## WORK TO COMPLETE
The lines below must be transcribed exactly as given, with the images removed.

## DATA SHOWN
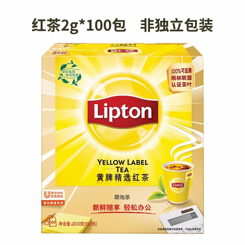 (特)立顿红茶黄牌精选红茶100包200g办公餐饮奶茶用茶袋泡茶立顿茶包立顿茶包
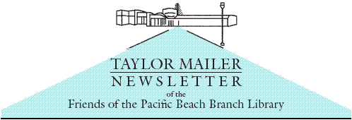 ![]() The Taylor Mailer Newsletter is the official bulletin of the Friends of the Pacific Beach Library. The Taylor Mailer is published periodically throughout the year, is mailed to all members of the Friends of the Pacific Beach Library, and is made available to the general public at the Pacific Beach/Taylor Branch Library and electronically via this website. In addition to communicating announcements, events, and other information to the members of the Friends, the Taylor Mailer is used to publicize the Friends of the Pacific Beach Library to prospective members. The Taylor Mailer Editor wants your suggestions! Please send email with your suggestions for the newsletter to our Newsletter Editor via our Contact Us web page (==> Click Here <==). Issues of Taylor Mailer available for online viewing and printing are:
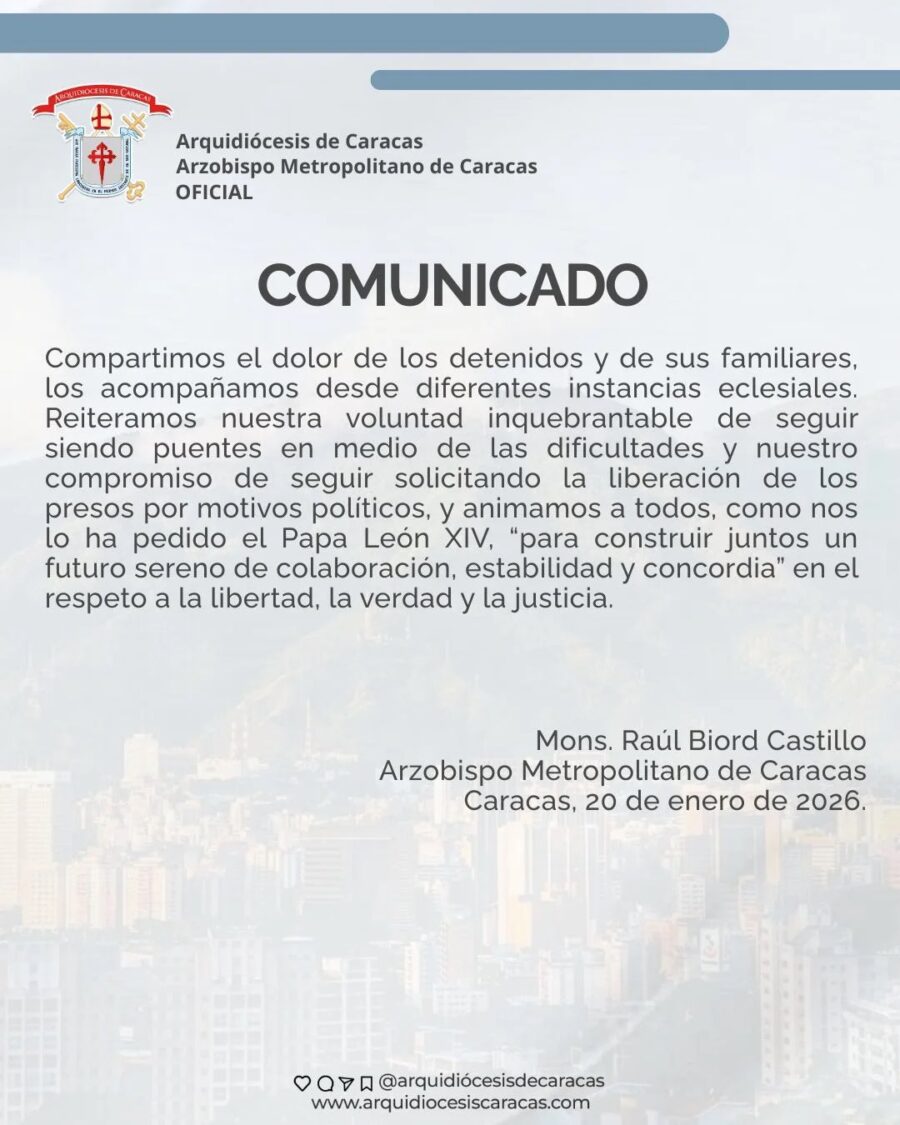 «Comprendemos el dolor de la Sra. Mariana González de Tudares y apoyamos su petición por la liberación de su esposo. (…) En ningún momento, se ha realizado en la arquidiócesis ninguna ‘extorsión’ o presión a familiares de detenidos ni a nadie«, destacó el Arzobispo Metropolitano de Caracas, Monseñor Raúl Biord Castillo, en dicho escrito, publicado en las redes sociales.
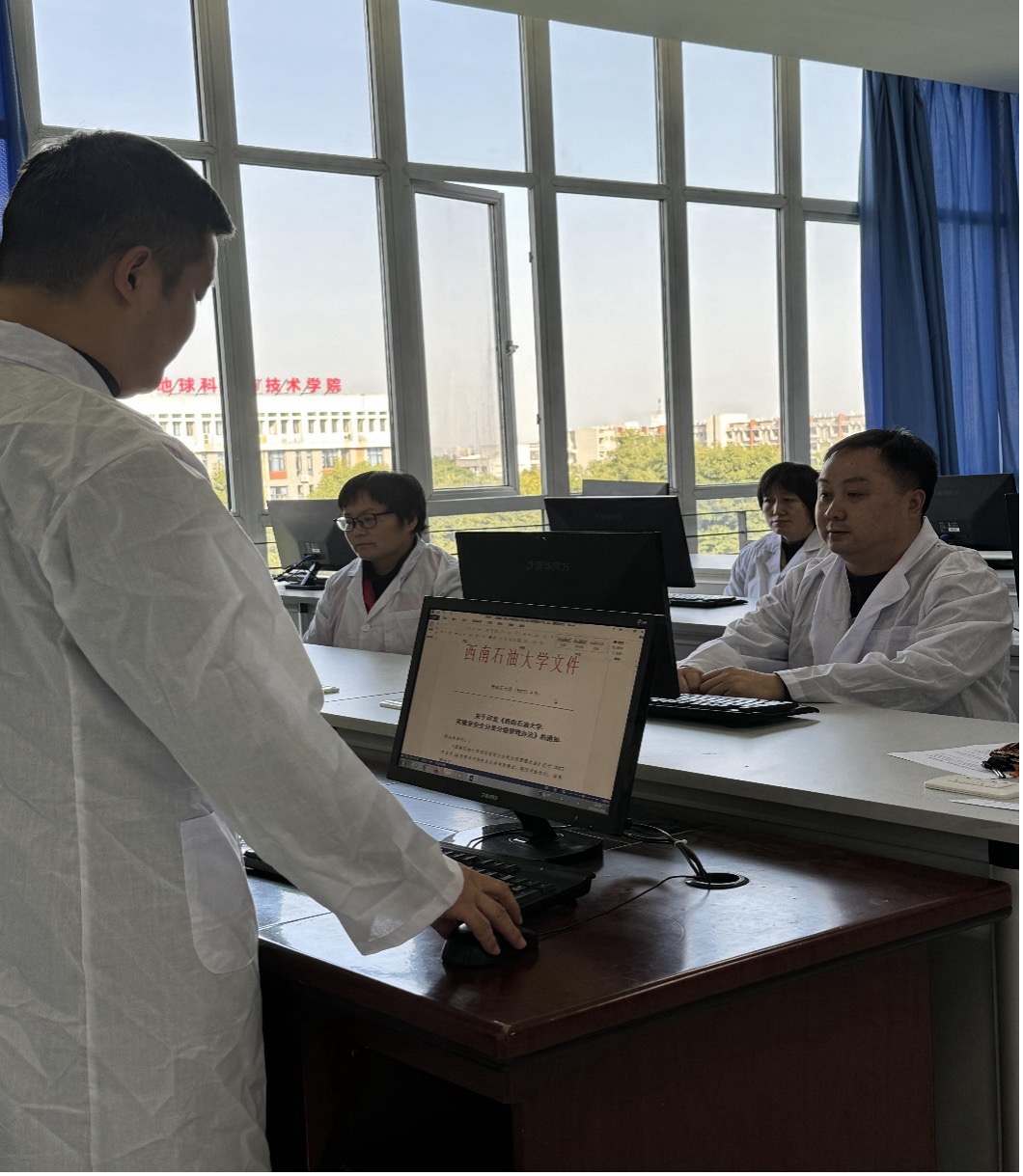 刘科老师结合实验室安全检查中发现的用电安全案例,着重介绍了用电安全中容易被忽略的错误处置方式,提醒实验人员勿因小过酿成大错;唐亮老师解读了《西南石油大学实验室安全分类分级管理办法》,从分类分级规则、防护措施、检查力度等方面强调了分类分级管理的重要性和必要性,并对下一阶段工作作了部署;任馨老师通过搜集典型案例,就火场逃生自救方法、如何扑救初期火灾、如何查找火灾隐患、如何使用消防设施等注意事项进行了详细讲解,使同志们对消防安全有了更高的安全意识。

## TASK RESPONSE
 (特)立顿红茶黄牌精选红茶100包200g办公餐饮奶茶用茶袋泡茶立顿茶包立顿茶包
 ![]() The Taylor Mailer Newsletter is the official bulletin of the Friends of the Pacific Beach Library. The Taylor Mailer is published periodically throughout the year, is mailed to all members of the Friends of the Pacific Beach Library, and is made available to the general public at the Pacific Beach/Taylor Branch Library and electronically via this website. In addition to communicating announcements, events, and other information to the members of the Friends, the Taylor Mailer is used to publicize the Friends of the Pacific Beach Library to prospective members. The Taylor Mailer Editor wants your suggestions! Please send email with your suggestions for the newsletter to our Newsletter Editor via our Contact Us web page (==> Click Here <==). Issues of Taylor Mailer available for online viewing and printing are:
 «Comprendemos el dolor de la Sra. Mariana González de Tudares y apoyamos su petición por la liberación de su esposo. (…) En ningún momento, se ha realizado en la arquidiócesis ninguna ‘extorsión’ o presión a familiares de detenidos ni a nadie«, destacó el Arzobispo Metropolitano de Caracas, Monseñor Raúl Biord Castillo, en dicho escrito, publicado en las redes sociales.
 刘科老师结合实验室安全检查中发现的用电安全案例,着重介绍了用电安全中容易被忽略的错误处置方式,提醒实验人员勿因小过酿成大错;唐亮老师解读了《西南石油大学实验室安全分类分级管理办法》,从分类分级规则、防护措施、检查力度等方面强调了分类分级管理的重要性和必要性,并对下一阶段工作作了部署;任馨老师通过搜集典型案例,就火场逃生自救方法、如何扑救初期火灾、如何查找火灾隐患、如何使用消防设施等注意事项进行了详细讲解,使同志们对消防安全有了更高的安全意识。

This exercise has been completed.